The exercise calls for exact output of the lines between the one that contains "Аккумуляторная цепная пила" and the end of the data, with both ends kept and pictures left out.

Top of Information provided

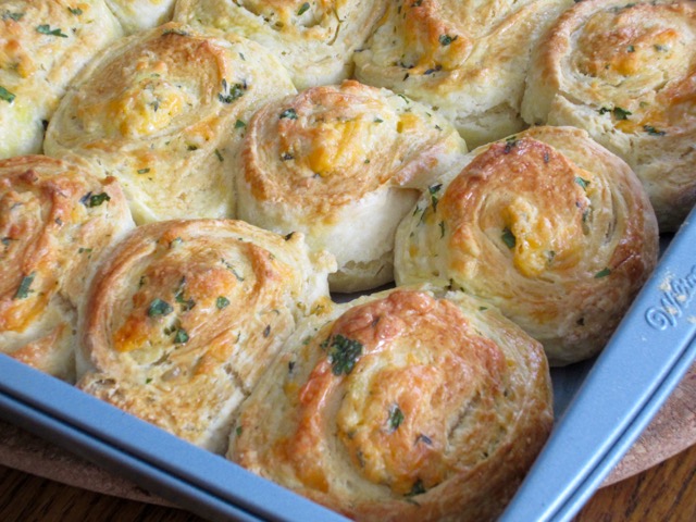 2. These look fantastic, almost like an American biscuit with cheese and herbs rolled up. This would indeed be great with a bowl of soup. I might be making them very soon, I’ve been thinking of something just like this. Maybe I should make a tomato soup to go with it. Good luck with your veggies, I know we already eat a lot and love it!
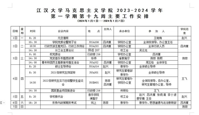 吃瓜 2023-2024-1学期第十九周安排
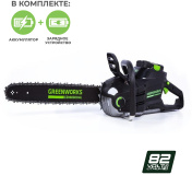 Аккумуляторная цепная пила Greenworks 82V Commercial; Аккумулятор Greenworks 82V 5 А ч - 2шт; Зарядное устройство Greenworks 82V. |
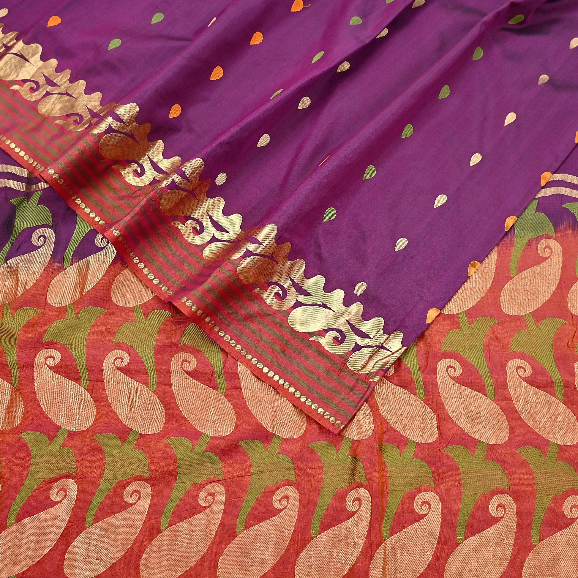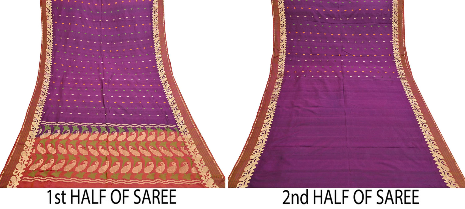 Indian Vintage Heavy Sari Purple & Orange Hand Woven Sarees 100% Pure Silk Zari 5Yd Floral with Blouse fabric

Bottom of Information provided

**Solution for this task**
 Аккумуляторная цепная пила Greenworks 82V Commercial; Аккумулятор Greenworks 82V 5 А ч - 2шт; Зарядное устройство Greenworks 82V. |
 Indian Vintage Heavy Sari Purple & Orange Hand Woven Sarees 100% Pure Silk Zari 5Yd Floral with Blouse fabric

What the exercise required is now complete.